Analyse de référence du Mukaab, le cube de 400 mètres au centre du mégaprojet New Murabba en Arabie saoudite. Pourquoi la construction a été suspendue, ce que cela signale pour la Vision 2030, et ce qui vient ensuite pour l’un des bâtiments les plus ambitieux au monde.

Donovan Vanderbilt · · 14 min de lecture
Le Mukaab : dans le cube saoudien à 50 milliards de dollars, et pourquoi il a été suspendu — Analysis — Saudi Vision 2030

Le Mukaab : le cube saoudien à 50 Md$ et les raisons de sa suspension

Le 28 janvier 2026, le Mukaab a été suspendu avant le début des travaux de superstructure, transformant le cube de 400 mètres au centre de New Murabba, à Riyad, en test le plus lisible de la repriorisation des mégaprojets saoudiens. L’excavation avait atteint 86 % et plus de 10 millions de mètres cubes de terre avaient été déplacés, mais aucune annulation officielle n’a suivi : le projet est passé d’icône médiatique à mégaprojet retardé et contraint par le capital.

La suspension du Mukaab n’est pas un simple contretemps d’ingénierie. C’est le signal le plus clair à ce jour que le modèle saoudien des mégaprojets — le programme de 1 000 milliards de dollars de projets emblématiques devenu synonyme de Vision 2030 — est entré dans une phase fondamentalement différente. L’ère de l’annonce a cédé la place à l’ère de l’arithmétique.
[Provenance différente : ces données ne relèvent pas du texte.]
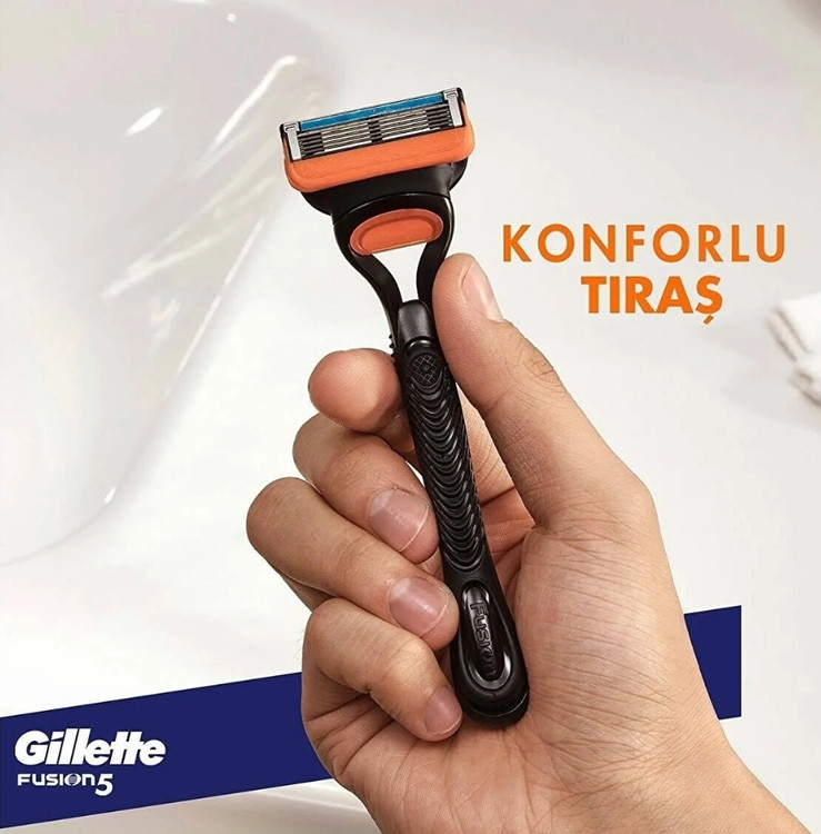 اگر تمایل به تجربه یک اصلاح حرفهای و نزدیک به پوست را دارید ریش تراشهای برند ژیلت مدل فیوژن بهترین انتخاب برای شماست. ژیلت فیوژن 5 لبه همراه با 1 یدک اضافه ژیلت از پنج تیغه برنده و ضد زنگ با فاصله نزدیک بهم برخوردار است. ارمغان آن یک اصلاح بسیار تمیز و بدون نیاز به بازگشت چندباره به نقاط مختلف پوست است. نوار آبی رنگ بالای کارتیج در تماس با آب ماده روانکننده ای را روی پوست منتشر میکند. این ماده باعث لغزندگی ژیلت بر وی پوست میشود. همچنین این نوار حاوی ویتامین E و آلوئورا بوده که از التهاب و حساسیت پوست جلوگیری میکند. کارایی دیگر نوار ژل تعیین زمان تعویض سری ژیلت است. نوار در طی گذشت زمان، کمرنگ شده و میتواند زمان کاهش برندگی تیغها را مشخص نماید. گارد نارنجیرنگ در قسمت پایین خودتراش از سطح پوست به خوبی مراقبت نموده و از خراشیدگی و بریدگی جلوگیری میکند.ژیلت فیوژن 5 لبه همراه با 1 یدک اضافه ژیلت انعطافپذیر و متحرک است. این سری بهراحتی بر روی پوست حرکت نموده و به تمام نقاط قابلیت دسترسی دارد. همچنین قابل تعویض است و پس از کند شدن تیغهها میتوانید سری ژیلت را تعویض نمایید.ویژگی های محصول:

Cette analyse examine ce qu’est le Mukaab, pourquoi il a été conçu, pourquoi il a été mis en pause, ce que les réalités d’ingénierie et de financement exigent, et ce que sa suspension dit aux investisseurs, contractants et décideurs publics sur la trajectoire de la transformation nationale saoudienne.

Qu’est-ce que le Mukaab ?

Le Mukaab, « le cube » en arabe, est une structure cubique planifiée de 400 mètres de haut, 400 mètres de large et 400 mètres de profondeur dans le district d’al-Qirawan, au nord-ouest de Riyad. Il constitue le repère central de New Murabba, développement mixte de 19 kilomètres carrés présenté comme le plus grand centre-ville moderne au monde.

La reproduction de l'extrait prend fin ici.